In the course of any given day, I may receive various questions regarding Scripture or theology. I personally love these as they are chances to reflect with others about what God has revealed and might be making known to and in us. I received the title of this blog post as an email subject line with the following question and, below that, I offer my (perhaps overlong) theological reply. The question emerges from one of my former students who is a pastor.
The question:
So I’m hung up on the fun theological question of relational roles and I think over the last couple of years I have gone so far to the point of eglitarian belief where each member is as valuable and has just as much say as the other that I am wondering that I might have gone to a point where I may be missing what it means for a man to lead. I think I was raised so heavily on the “woman submit” mentality, that when I pushed against the idea in the way I knew it, I may have ran from the actual intent of the passage? I guess at this point I am wondering if treating both members as equals doesn’t mean that there aren’t still some roles within a relationship setting? But I’m stuck on how are two people equal if one person gets the final say in everything?
My response:
I totally get it. There can be a tendency in swinging positions to
ignore the critique of the other/s. In this way, I personally contend
for egalitarianism even as there must be distinctions of persons, but
not any predetermined roles with the one exception of producing a child
in bearing a child [mother] and producing a child without bearing a
child [father]. Otherwise, I see no clear distinctions of roles for
earning income, determining responsibilities, child care, household
care, etc. There is only a mutuality of shared agreements between the
parents (when two are present) that allows for mutual loving of each
other and any children (or others brought into that sphere of life
including family by blood or choice, and the Church).
The call
to “submit” is a mutual submission in Ephesians 5:21 that seems
inclusive of all who are in Christ. In this fashion, there is no
distinction of gender, social class, age, etc. Even as any distinctions
are not erased, ignored, or imagined to not exist. All relationships are
re-oriented in Christ Jesus as the mediator between every person and
every other person, between individuals and groups, and groups and
groups. He is the mediator for all relationships. In this way there
cannot but be mutual submission to the other as to Christ our Lord.

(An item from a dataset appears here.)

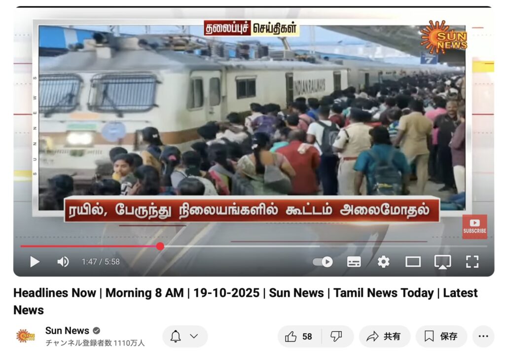 南インドでは家族と祝う大切な祝祭「ディワリ/ディーパーヴァリ(தீபாவளி)」の時期になると、多くの人が都市部から故郷へ帰省します。そのため、鉄道駅(ரயில் நிலையம்)やバスターミナル(பேருந்து நிலையம்)は大混雑!

Now, I read Paul as engendering relations of his historical-cultural-social context/s in how he explains such relations playing out following this mutual submission call. In his context, there are culturally delineated roles of husband-wife, parent-child, master-slave that simply are not our own context/s (we not only do not believe the relation of master/slave ought to still be maintained even if “good”, but we actually believe children have rights as humans…and for the Church we contend they are in Christ Jesus by faith and in this manner we relate to them). Even as he calls for relationships to be specifically faithful in the given context they are found in, there is a sense in which through the movement of his letter to the Ephesians that all relationships are upended, transformed, and made new in Christ in whom all things are being brought to submission and brought into for the redemption that is ours in him. This is the end of all things breaking into the present age in the crucified and risen One.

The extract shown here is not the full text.